As it turns out, unscrewing the tip of a Jr. Gent and pushing part of a scotch brite pad in works just fine, if youre okay with a light blue tip.


----------



## DurocShark (Sep 10, 2011)

jbthbt said:


> I bought some of the $2 ones off of ebay and modified it to fit into something I turned. I use it for iPad credit card transactions as well. The cheapos just have a rubber tip, but it works fairly well. I tried aluminum, but you had to press so hard I was afraid someone would break my screen.



This is what I did... I ordered a bunch of the cheapie ones from China and made stuff using the nibs from them. 

This was the first one I made... http://www.flickr.com/photos/donimages/5788748636


----------



## KenV (Sep 10, 2011)

My wife -- the Iphone nut tells me that the solid tips that were used on obsolete technology like the now dead Palm will not work on the Iphone.  Need to have a charge like the electric potential of a finger tip.   

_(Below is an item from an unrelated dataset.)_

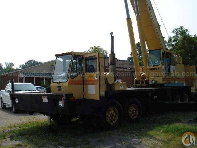 <p>Online Auction Ends 9/8/11.</p> <p>To see full details for this item please go to <a href="http://www.govdeals.com" target="_blank">www.govdeals.com</a> and enter 2449-3 in the Quick Asset Lookup QAL box located on the home page.</p> <p>1986 Grove TMS-875 Truck Crane, 75-Ton Capacity, Total of 105' Boom</p> <p>Truck starts and runs. Crane Operable. Has extra options! Title In Hand! Road Ready!</p> <p>Truck has 13,365 miles. Crane has 3,391 hours.</p> <p>Diesel Engine. Manual 8 speed transmission. Fifth outrigger on front (lift same on front as the back). All sections of main boom are live - total of 105 foot boom. 360 Degree Crane. All controls are working. No hydraulic leaks. High / Low Range. Built in Level on side of truck. No cracked glass. 12 wheels. 4 axles. 1 Spare Tire. Has Hitch on back. Has storage for leveling disks.</p> <p>Computer system weighs load, cable and rigging. Has Fuel Heater / heating system. One engine operates truck and crane with auxiliary switch. All safety two block devices operable. Manufacturer work lights operable.</p> <p>Yellow exterior. Truck has Black vinyl driver's seat with little wear. Crane operator seat is black vinyl and gray cloth and is worn. No radio. No A/C. All owner's manuals available.</p> <p>Came originally from US Army Corps of Engineers about 1 1/2 years ago. Vehicle was maintained regularly. No maintenance records available. Cumberland City decals will be removed prior to vehicle pick up.</p>

The ones that work on the Iphone are labled as capacative.


----------



## nava1uni (Sep 11, 2011)

That is correct because it uses the electricity from your body to make it work.  The older stylus used on the Palm, etc will not work on either the Ipad or any of the other touch phones, etc.


----------



## Justturnin (Sep 12, 2011)

PSI has a Pen kit that can have a stylus added to it.  It is the 2 way Tech Pen 'PK2WAY'.  It can have a Pen and Stylus at the same time.  Pretty neat idea.


----------



## DurocShark (Sep 12, 2011)

The stylus refills PSI sells will NOT work with an ipad, iphone, ipod, or android.


----------



## biednick (Sep 13, 2011)

I wound up making one by turning a 3/4in. dowl to size on a mandrel, cutting a spiral, drilling a hole at both ends of the spiral, threading wire through the upper hole, wrappilg it around some conductive foam, installing the tip and wrapping the wire in the spiral grove, then secureing the end in the second hole. Ill post a tutorial sometime.


----------